Portrait von secnovum
Von secnovum

Tools wie Teams, Zoom oder Webex bieten die Möglichkeit, sich miteinander zu verbinden und Sprache in Ton und Schrift, Realtime-Videos aber auch Dateien und Bildschirminhalte miteinander auszutauschen. Zur Sicherung der Verbindung kommen unterschiedliche Verfahren zum Einsatz, deshalb ist eine genaue Evaluation des einzusetzenden Tools empfohlen.

Dieser Beitrag wurde von Lukas Studer für secnovum verfasst.

Welche Gefahren gehen von Collaboration-Tools aus?

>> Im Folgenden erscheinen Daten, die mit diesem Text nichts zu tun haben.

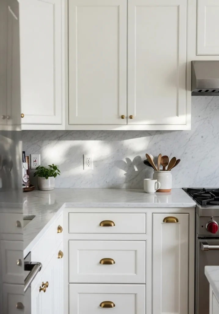 This cabinet color reads very close to Benjamin Moore White Dove. It’s a soft, creamy white that doesn’t feel stark or cold. You can see it in the cabinet doors and how it sits easily next to the marble backsplash and warm brass pulls. It’s the kind of white that feels lived-in right away.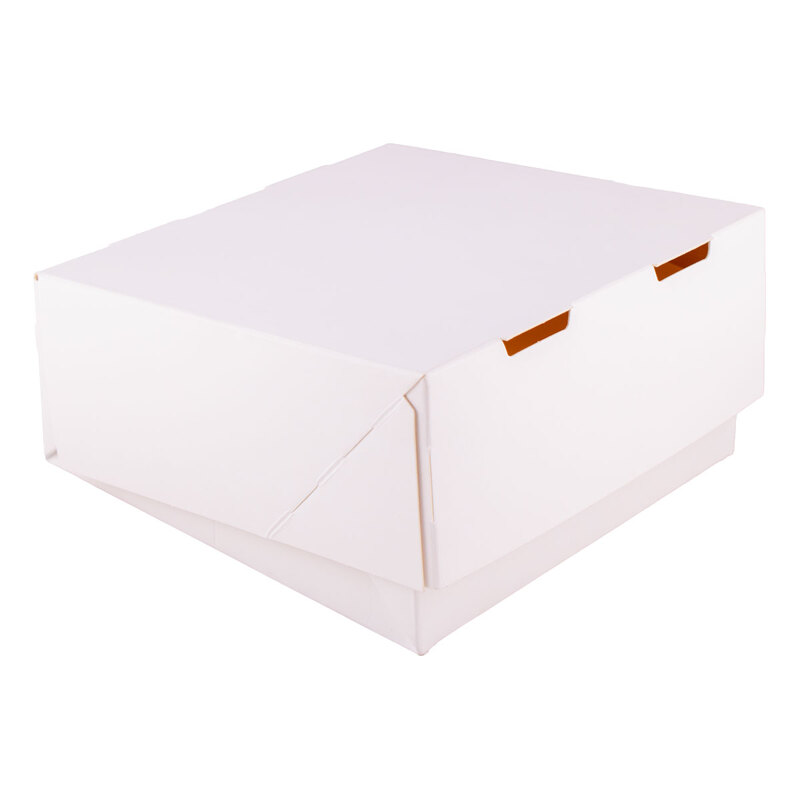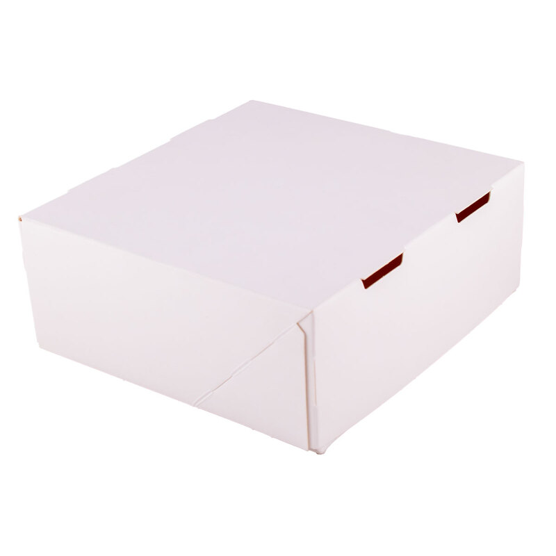 Картонена бяла кутия за дребни сладки. Размери: 13 x 13 x 5.5 см.

Die grösste Gefahr geht vom ungewollten Offenlegen geheimer Informationen aus. Sie hat verschiedene Ursachen. Zur Verdeutlichung nutzen wir hier Analogien mit der realen Welt:

  • Meetings auf dem Vorplatz: Werden Einladungen als Link versendet, kann sich jeder, der den Link kennt oder erraten kann, ins Meeting einwählen und alle geteilten Informationen mitlesen.
  • Geheime Dokumente auf dem Sitzungstisch: Wird beim Präsentieren vergessen, dass der eigene Bildschirm für alle Teilnehmer einsehbar ist und es werden während des Meetings vertrauliche Informationen am Bildschirm angezeigt, können die alle Teilnehmer abgreifen.
  • Geheime Dokumente im Werbeversand: Die Möglichkeit Dateien zu teilen und ganze Ordner freizugeben, kann bei unvorsichtiger Anwendung dazu führen, dass geheime Informationen veröffentlicht werden.
  • Offene Türen: Werden Browserplugins genutzt, können Sicherheitsfunktionen umgangen werden.

00_Secnovum-Collaboration-Tools-720x550

Good Practice Guide für IT und Endbenutzer am Beispiel von Zoom

In diesem Kapitel wird die Empfehlung für die Nutzung von Zoom abgegeben. Wichtig ist, dass dieses Dokument nicht abschliessend ist, da die Lösung tagtäglich weiterentwickelt wird. Die folgenden Punkte sind als Sicherheitstipps zu verstehen und gelten grundsätzlich für alle Meeting-Lösungen, wenn die Funktionen verfügbar sind.

Ein Collaboration-Tool unternehmensweit bestimmen

Das Unternehmen sollte festlegen, welche Anwendungen es für Collaboration zulässt. Die Mitarbeitenden sollten in der Nutzung der Tools geschult und mit den Risiken vertraut gemacht werden. Nicht gestattete Meeting-Anwendungen sollten, beispielsweise mittels Applocker, blockiert werden.

Basis-Einstellungen durch die IT-Abteilung

Zum sichern Betrieb von Zoom sollte Folgendes geprüft werden, um eine grundsätzliche Sicherheitsbasis zu gewährleisten. Die Massnahmen sind nicht als Hardening von Zoom zu verstehen und gelten analog auch für andere Lösungen:

Empfehlungen für den Meeting Organisator/Hoster

  • Wartebereich einschalten & nur authentifizierte Teilnehmer in das Meeting lassen
  • Meeting nur mit Einwahl-PIN erstellen.
  • Beitritt nur authentisierten oder vertrauenswürdigen Domänen erlauben.
  • Sind alle Eingeladenen im Meeting -> virtuellen Meetingraum schliessen.
  • Desktop-Sharing bewusst nutzen und vorübergehend anhalten, wenn ein neues Fenster geöffnet wird.
  • Wasserzeichen für Bildschirmfreigaben einblenden.
  • Keine Dokumente über Zoom teilen oder entnehmen → E-Mail nutzen.

Empfehlungen für Meeting Teilnehmer

  • Keine Dokumente über Zoom teilen oder entnehmen → E-Mail nutzen.
  • Wasserzeichen für Bildschirmfreigaben einblenden.
  • Desktop-Sharing vorübergehend anhalten, wenn ein neues Fenster geöffnet wird.